Рощин спрыгнул вслед за ними. Спотыкаясь о рельсы, налетев на кучу шпал, он выбрался в поле, где было чуть яснее и различались две идущие фигуры. Он догнал их. Телеграфист сказал:
— Тут ямы где-то, — темень проклятая! Песок брали, тут я всегда прячусь…
Ямы оказались немножко левее. Рощин вслед за своими спутниками сполз в какой-то ров. Сейчас же подошли еще двое, — машинист и кочегар, — выругались и тоже сели в яму. Кондуктор вздохнул тяжело:
— Уйду я с этой службы. Так надоело. Ну разве это движение.
— Тише, — сказал телеграфист, — катят, дьяволы.
Теперь из степи слышался конский топот, различался стук колес.
— Кто же это у тебя тут безобразничает? — спросил кондуктор у телеграфиста. — Жокей Смерти, что ли?

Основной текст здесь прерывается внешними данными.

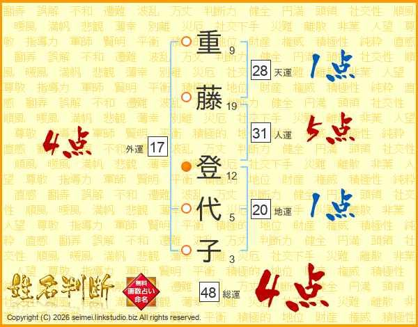 重藤登代子さんの総運は48画の4点!
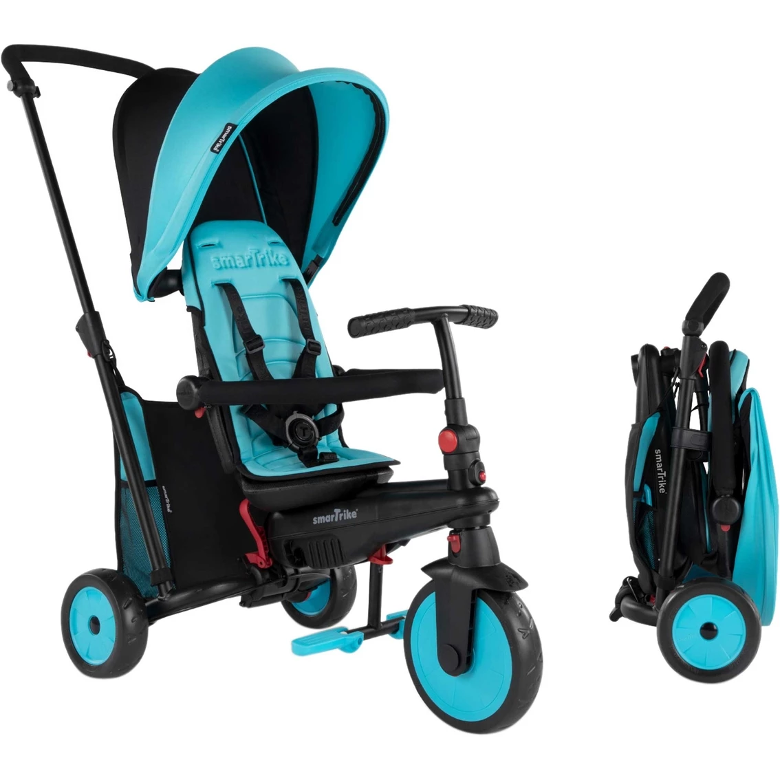 The STR3 is a stroller certified trike that is bright and fun to use! Features a 5-point harness, one Touch Steering & compact folding patents. A popular choice for families on the go. Easy to steer and fun to ride, kids and parents alike love it. Easy transformation from stroller to trike. Patented Touch Steering offers smooth maneuvering. Easy Parent to Child Control switch. Grows with your child in 7 stages to match their age and skill. Compact and fully folding, ideal for stress-free travel and storage. No assembly. Patented shock absorption.
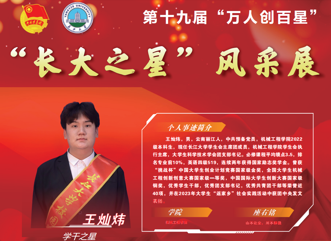 (通讯员 吴钐)在刚刚结束的太阳成tyc122cc集团第十九届万人创百星评选活动中,机械学子积极争取,摘得3枚“长大之星”,清樾团队获评十佳之星,在太阳成tyc122cc集团“万人创百星”评比中再创佳绩!他们分别是:
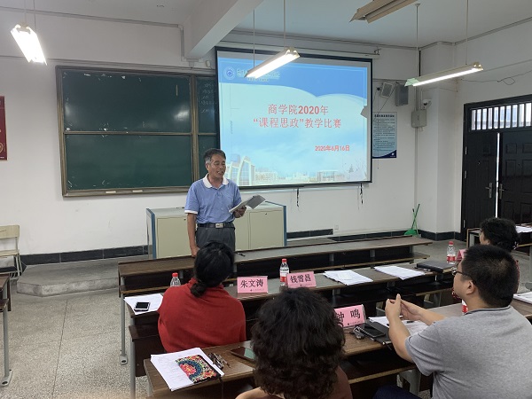 6月16日下午,商学院举行2020年“课程思政”教学比赛选拔赛,拟从八名参赛老师中选拔两位参加院赛。比赛由钱雪昌、朱文涛和华柯枫等6名校级、院级督导任评委,商学院全体教师观看了比赛。
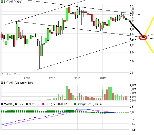 Wie gesagt, bei S&T spreche ich ja nicht von Totalverlust. Aktuell hat sich die Aufwärtsdynamik in meinen Augen eben sehr abgeflacht. Ich habe meine wichtigen Marken genannt, erst wenn die o. g. niedrigste Marke nicht hält, wirds wirklich brenzlig. Dann nämlich spricht alles für einen kräftigen Rutsch Richtung: 1,30 - glaube aber das zuminstes die 1,95 halten wird....
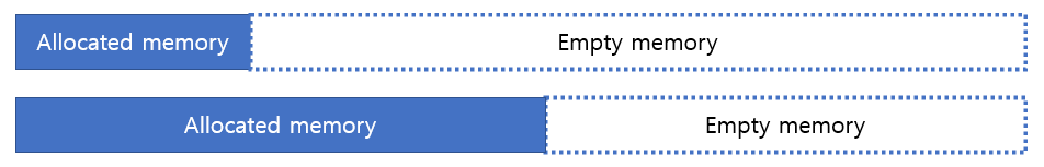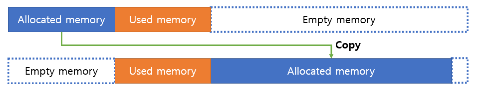 이미 할당된 메모리공간 뒤에 빈 공간이 있을 경우, OS는 추가 요청된 메모리 공간을 기존 메모리 공간 뒤에 함께 사용할 수 있도록 배치해 줍니다. 하지만 빈 공간이 없을 경우, OS는 그 할당 위치를 모두 옮기게 됩니다.
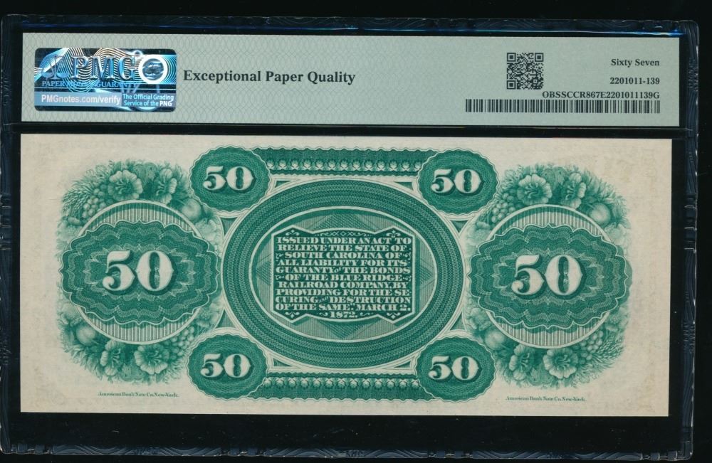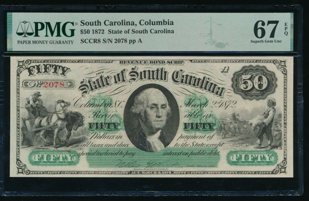 One 1872 $50 Columbia SC Obsolete Note PMG 67EPQ.
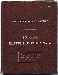 67. 1 2 3 4 5 6 7 "Review of security of naval codes and cyphers – September 1939 to May 1945". The National Archives, Kew. ADM 1/27186. Signal Division, Admiralty. November 1945. pp. 69–74. Retrieved 3 October 2016. Public Domain This article incorporates text from this source, which is in the public domain.
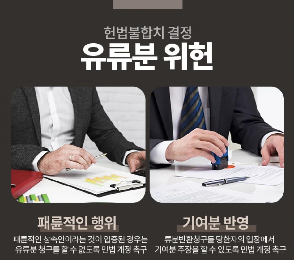 또 기존에는 유류분 소송을 당한 자는 망인에 대한 기여분을 반영해달라며 주장을 할 수 없었습니다. 해당 내용이 불합리하다는 의견이 많았는데 이 부분에 대해서도 헌법불합치 결정이 내려졌죠.
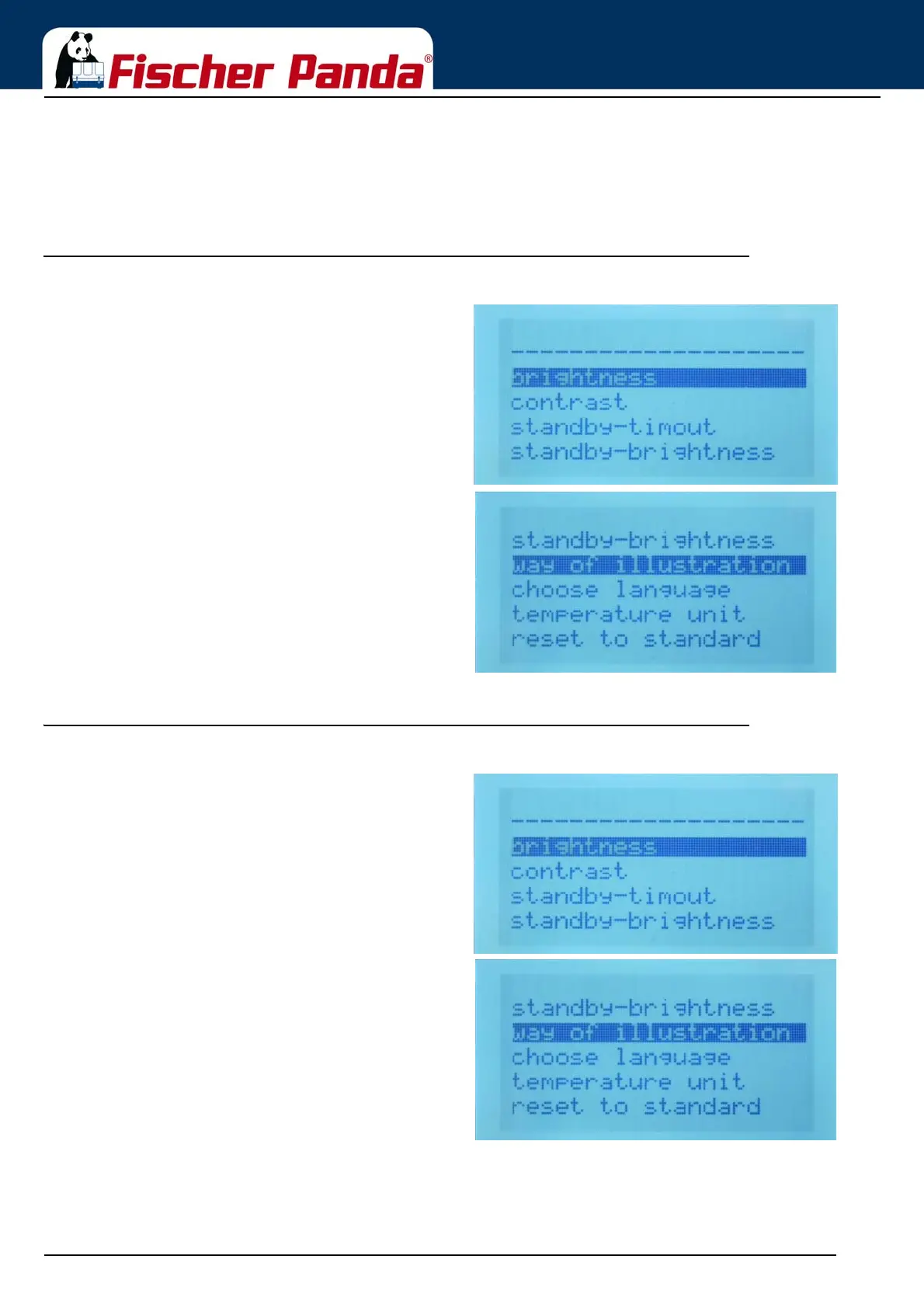 the submenu „Service“ is a restricted area for Fischer Panda Staff.

— Нет, тот в Дибривском лесу. Это разве Маруся гуляет. Хотя, видать, тоже не она, — та скачет с факелами… Местный какой-нибудь атаманишка.
— Да нет же, — прохрипел машинист, — это махновец Максюта, мать его…
Кондуктор опять вздохнул:
— Еврейчик один у меня в третьем вагоне, с чемоданами, — не сказал ему, эх…
Конский топот приближался, как ветер перед грозой. Колеса уже загрохотали по булыжнику около станции. Раздались крики: «Гойда, гойда!» Звон стекол, выстрел, короткий вопль, удары по железу… Кондуктор начал дуть в сложенные лодочкой руки:
— И непременно им — стекла бить в вагонах, вот ведь пьяное заведение…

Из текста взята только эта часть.